En une semaine, il s'agit d'éditer les traces GPX (merci brouter.de) et de charger les cartes offline des départements traversés (merci l'appli OSMand). Nous nous sommes fixés comme objectif d'aller voir un ami d'enfance et le frangin d'Antoine en région bordelaise : il y a donc un timing à respecter sur la première partie du tracé. Les étapes sont calibrées entre 65 et 75 km, avec même quelques journées à 80 car c'est bien plus plat qu'en Bretagne, et bien sûr il faut faire en sorte qu'on tombe sur une ville-étape et/ou un camping sympathique (et ouvert, et acceptant les tentes). Quelques coups de téléphones sont nécessaires (et s'avèreront insuffisants - voir les billets suivants...).

Les vélos font l'objet de quelques réglages et améliorations : pour le vélo rouge ce sera une nouvelle roue arrière (qui s'avère voilée d'origine...) et un porte-charge avant. Pour le vélo noir, les garde-boues déformés qui ont tendance à frotter sur les roues partent à la benne (et ne sont pas remplacés), et le vieux sac à dos customisé est fixé pour de bon à l'avant avec une fixation métal de plomberie. Pour augmenter le volume de chargement, je réalise un proto de bagage de cadre d'environ 45 cm de long sur 8 x 8 cm, dans un tissu plus ou moins déperlant et assurément vert (c'est-à-dire assorti aux sacoches).

Ce qui nous préoccupe le plus : comment descendre dans le sud ouest avec les vélos ? Rapidement, nous achetons deux billets pour un trajet improbable : TER Combourg - Rennes, TGV Rennes - Paris, suivi d'un (TGV) oui go Paris-Hendaye.
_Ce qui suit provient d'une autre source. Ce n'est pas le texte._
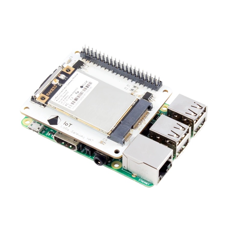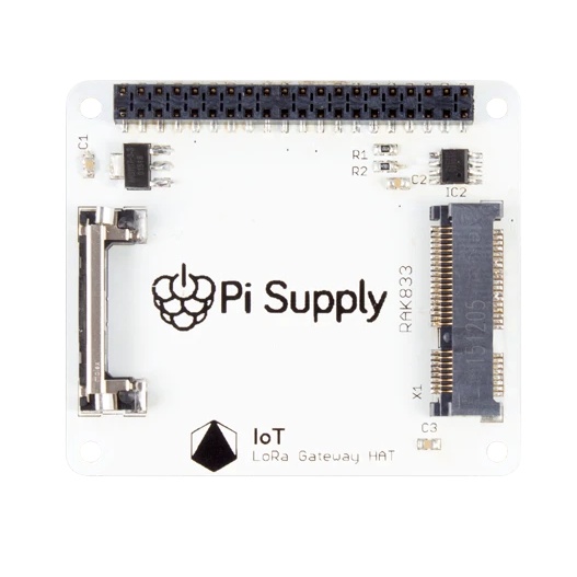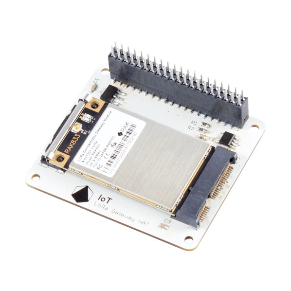 The LoRa HAT IoT Gateway uses the RAKWireless RAK2245 LoRa Gateway Hub Module which provides a fully LoRaWAN compatible gateway listening on 8 channels simultaneously.

L'avantage est que le changement à Paris se fait presque dans la même gare : Montparnasse « officiel » et Montparnasse « du pauvre ». Mais les désavantages sont nombreux : il faut démonter les vélos (les deux roues et les porte-bagages), fourrer le tout dans une housse (un gros sac poubelle et du gros scotch devrait faire l'affaire) et porter tout ça (au bas mot 15 kg) avec à l'autre bras nos bagages (12 kg en sacoches vélo). Sans oublier : un masque sur le nez pendant les 8 heures de trajet.

Après réflexions et tergiversations, nous annulons (grâce aux conditions de vente spécial COVID, il n'y a pas que du mauvais dans cette crise), et louons un fourgon de 6 m3 chez Rent and Drop. Ils n'ont plus rien de dispo à Rennes, qu'à cela ne tienne, nous réservons le départ à Nantes-Chantenay et larguerons l'engin à Bayonne. C'est deux fois plus cher que le train en comptant les péages et le diesel (et je ne vous parle pas du CO2 que nous allons honteusement balancer dans l'atmosphère), mais c'est 1000 fois plus pratique, et nous serons moins contraints sur les horaires : il s'agit seulement arriver à l'heure samedi midi avec un trajet de 2 heures à partir de chez nous. Facile.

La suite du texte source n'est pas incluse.